Danger awaits all ye who enter this tutorial and have large datasets.
The tutorial is fun marketing material and all but its FAR too slow to be used on anything at scale. Please, for your sanity, don't treat this as anything other than a fun toy example.
ER wants to be an an O(n^2) problem and you have to fight very hard for it not to turn into one. Most people doing this at scale are following basically the same playbook:
1) Use a very complicated speed optimized non-ml algorithm to find groups of entities that are highly likely to be the same, usually based on string similarity, hashing, or extremely complicated heuristics. This process is called blocking or filtering.
2) Use fancy ML to determine matches within these blocks.
If you try to combine 1 & 2, skip 1, or try to do 1 with ML on large datasets you are guaranteed to have a bad time. The difference between mediocre and amazing ER is how well you are doing blocking/filtering.
So much this. I work on spatiotemporal entity resolution and it requires extreme care and cleverness to not turn it into a proverbial "boiling the ocean" compute problem for all but the most trivial cases. The implied state that needs to be managed alone is often effectively intractable. At one time supercomputers were used for large-scale entity resolution problems; they may still.

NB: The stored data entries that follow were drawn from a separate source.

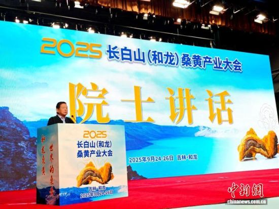 2025長(zhǎng)白山(和龍)桑黃產(chǎn)業(yè)大會(huì)25日在吉林省和龍市開幕,圖為中國(guó)工程院院士李玉正在致辭。
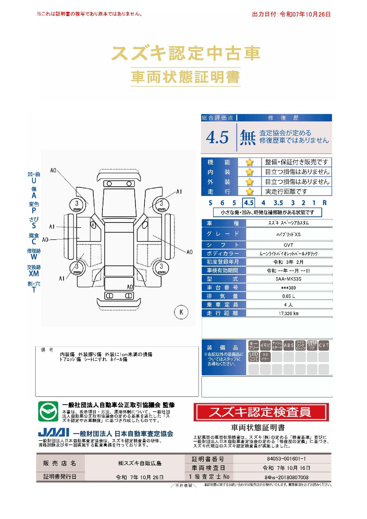 | 車両状態評価書 | ※クリックすると開きます![]() |
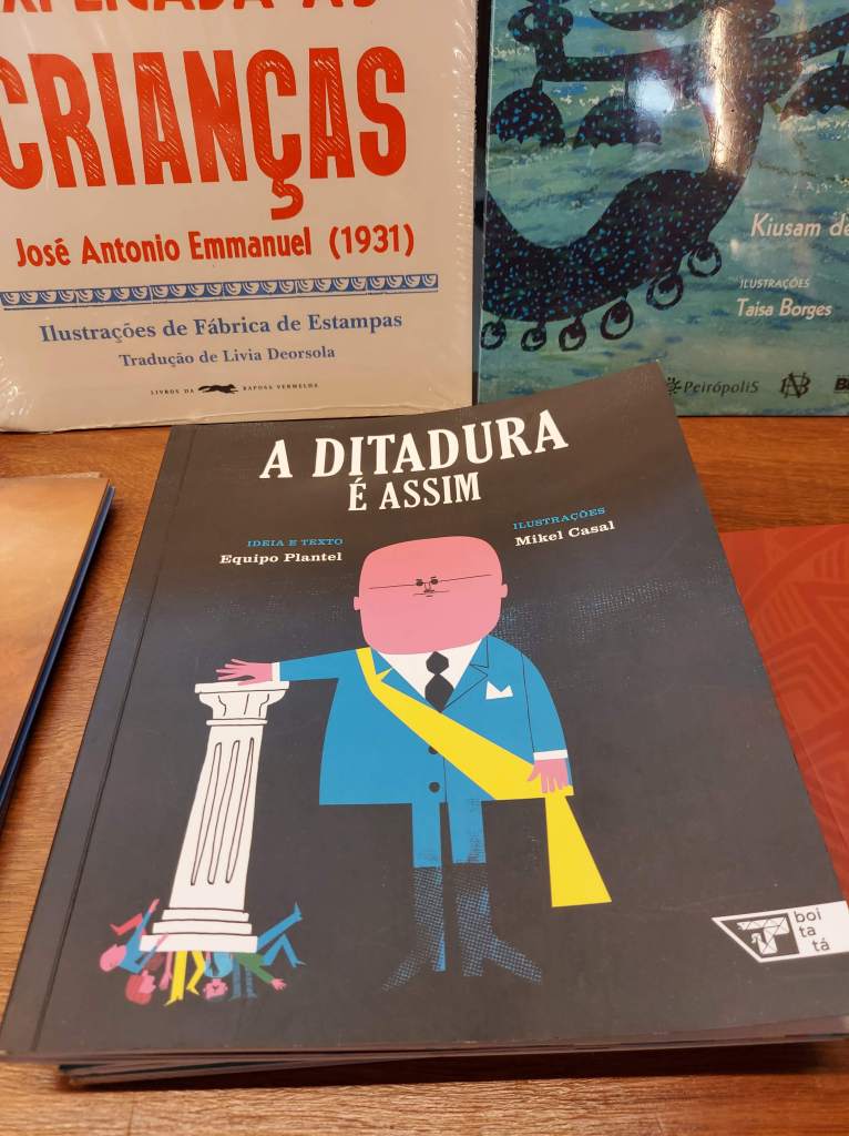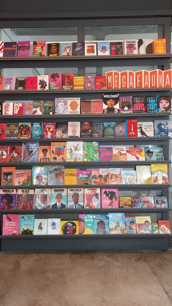 A livraria tem a proposta de diversidade e acolhimento para toda a sua cadeia, dos livros, aos leitores, passando, claro, pelos livreiros. E, esse acolhimento é real, porque, até como mãe-leitora, me senti muito bem-vinda lá. Naoki ficou tão à vontade que além de pedir para ler (adivinhem?) “Nada na vida me assusta”, ainda quis mamar por lá. Se quiser saber mais sobre a livraria, confira no site deles, está imperdível.
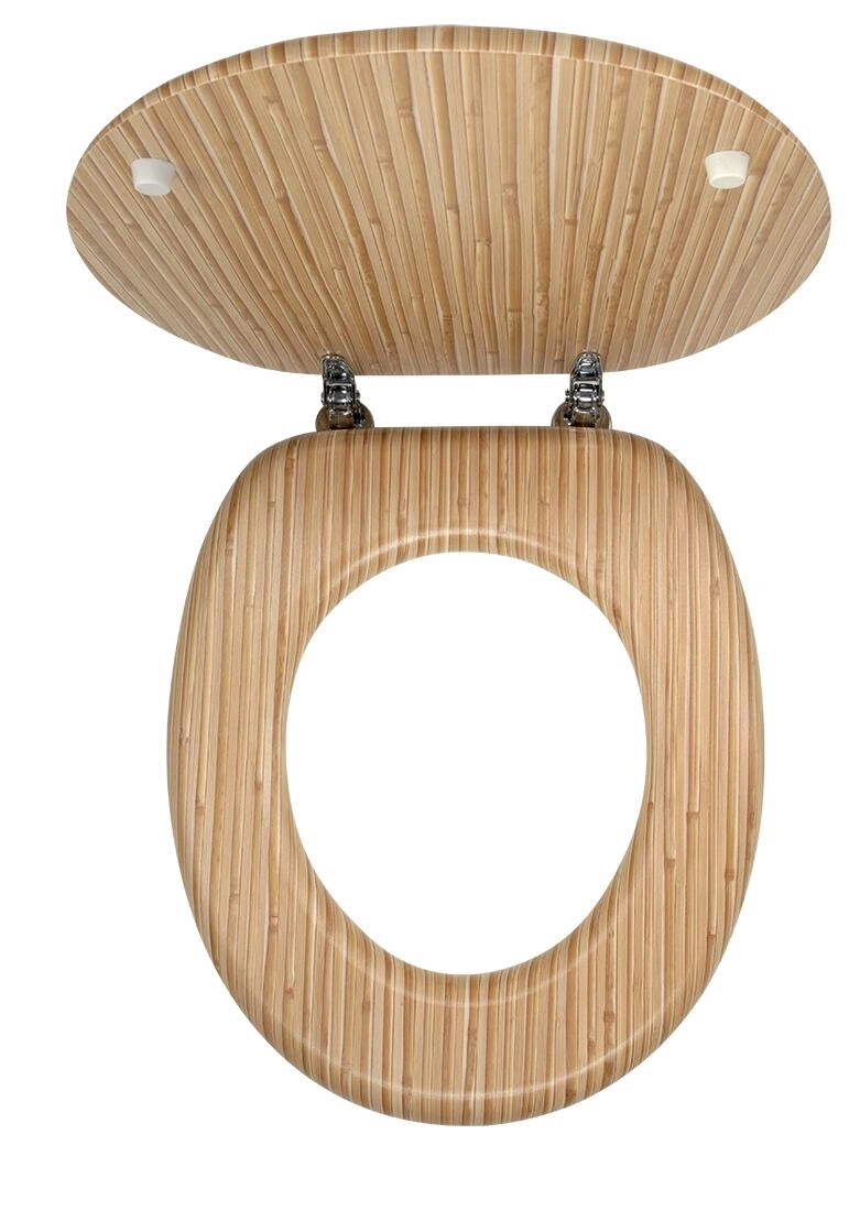 An elegant bamboo veneer toilet seat gives your bathroom a natural look and timeless style. Thanks to the veneered MDF, it is sturdy and durable, while the chrome-plated brass hinges ensure stability and long service life.
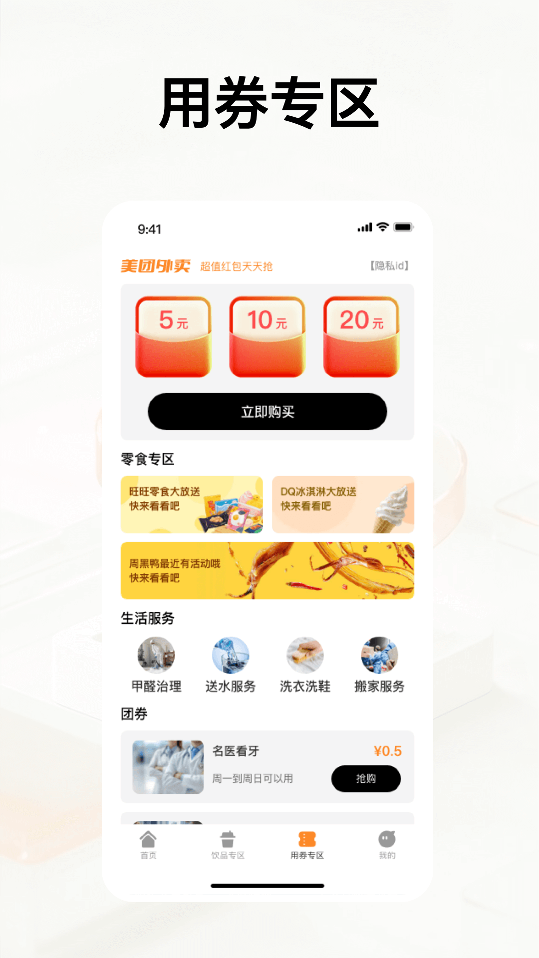 拥有外卖优惠券,美团、饿了么红包券,奶茶、正餐、水果闭眼省!首页有精选大牌供你选择,还在为不会省钱担忧吗,来看省钱攻略,并且有用券专区 轻松找到零食区,饮品区,生活服务区,团购服务,打工人、学生党速冲!干饭人必备省钱神器!
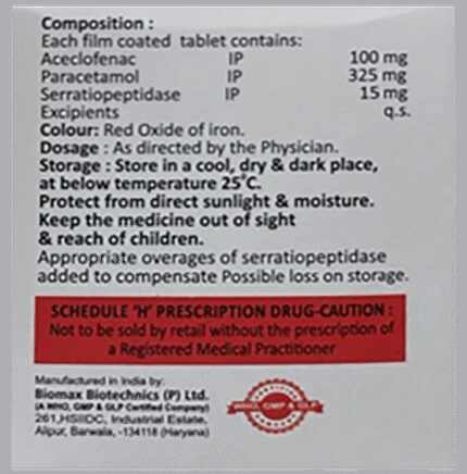 Aceim SP 100mg/325mg/15mg Tablet is a combination medicine used to relieve pain and swelling in various conditions like muscle pain, joint pain, and postoperative pain. Thus, it effectively alleviates pain and inflammation in conditions like rheumatoid arthritis, ankylosing spondylitis, and osteoarthritis. Aceim SP 100mg/325mg/15mg Tablet should be taken in the dose and duration as advised by your doctor. It should be taken with food or milk to prevent stomach upset. Taking the medicine regularly at the right times increases its effectiveness. It is important to keep taking the medicine regularly until your doctor tells you it is safe to stop.Nausea, vomiting, stomach pain, indigestion, heartburn, increased liver enzymes, dizziness,drowsiness, and diarrhea are some of the common side effects that might be observed on taking this medicine. Your doctor may regularly monitor your kidney function, liver function, and levels of blood components if you are taking this medicine for long-term treatment. Long-term use may lead to serious complications such as stomach bleeding and kidney problems. Aceim SP 100mg/325mg/15mg Tablet is not recommended if you are pregnant or breastfeeding.
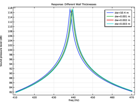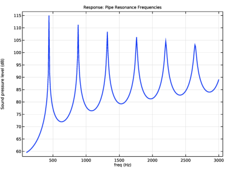 In the Settings window for Point Graph, click Replace Expression in the upper-right corner of the y-Axis Data section. From the menu, choose Component 1 (comp1) > Pipe Acoustics, Frequency Domain > Intensity and sound pressure level > pafd.Lp - Sound pressure level - dB.
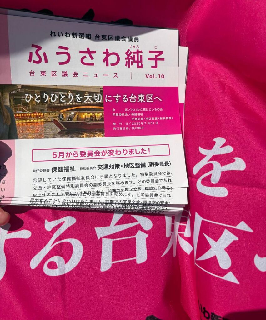 大事な国政選挙中に視察が重なり、体がいくつも欲しい状況でした。今回の選挙では、東京都内の公営掲示板ポスターのリーダー、及び比例カーを担当させていただきました。暑い日々の中、多くのボランティアさんが活躍してくださり、ご協力に感謝しています。引き続き、支持政党に関わらず、皆の生活と命が最優先される区政になるよう邁進していきます。
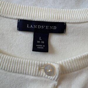 Lands End Womens Ivory Button-Down White Cardigan Sweater Size Large (14-16 )
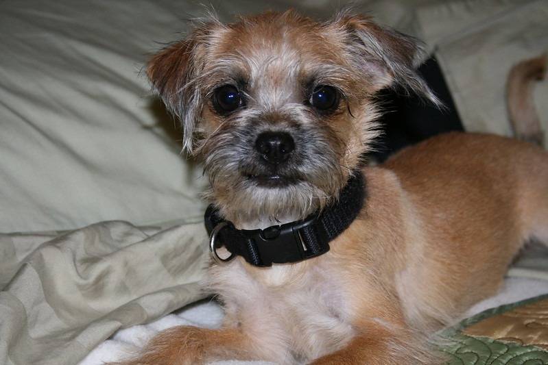 Un Pugshire portant un collier et allongé sur un lit
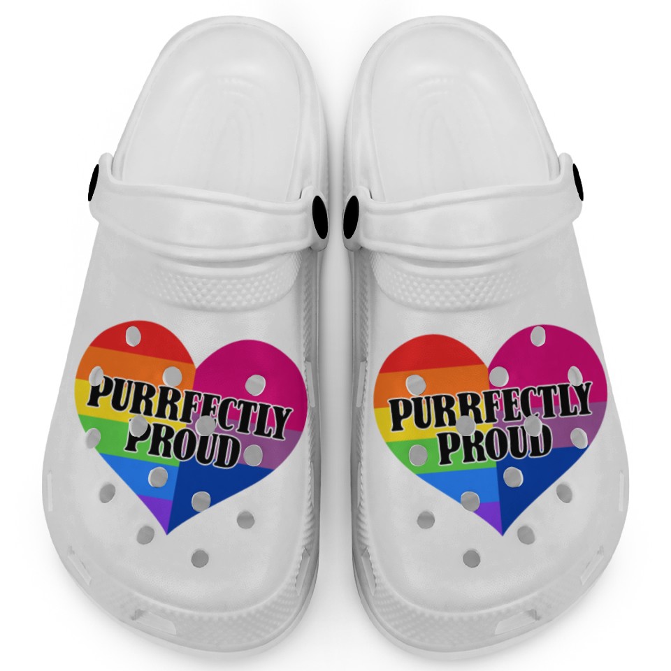 Purrfectly Proud Rainbow Bisexual Flag Heart Clogs
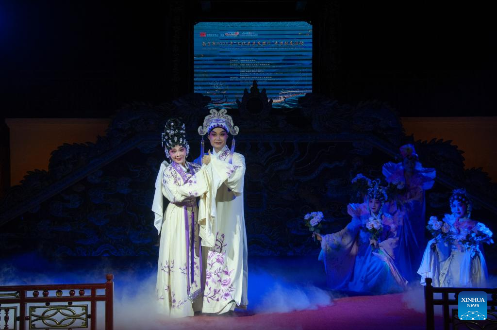 A traditional Chinese opera performance is staged in the central Vietnamese city of Hue on June 29, 2025. A troupe from China's Guangxi Zhuang Autonomous Region staged a traditional Chinese opera performance in the central Vietnamese city of Hue on Sunday. Held at the Royal Theater inside the Imperial City of Hue, the event showcased a variety of Chinese opera styles and attracted an audience including Chinese and Vietnamese officials as well as local residents. (Xinhua/Dang Hong Dung)

The beautiful thing about spatiotemporal entities is that physical time provides "out of the box common sense" decent locality, and physical space excellent locality, for the blocking process your parent comment mentions.
It sucks to work on a whole product catalog or rolodex.
Cool, TIL about blocking/ filtering. We do entity resolution such that if we have a "process id" (ex: 1234) in two different event logs we can determine if they're the same process (since pids get reused). We don't have to compare every process to every other process, only ones that share the same pid, which drastically reduces the data size, and then we do filtering on top of that based on other optional attributes.
When I wrote this system I didn't know what ER even was, an article like this would have helped a lot, even just the first line defining ER would have helped a lot.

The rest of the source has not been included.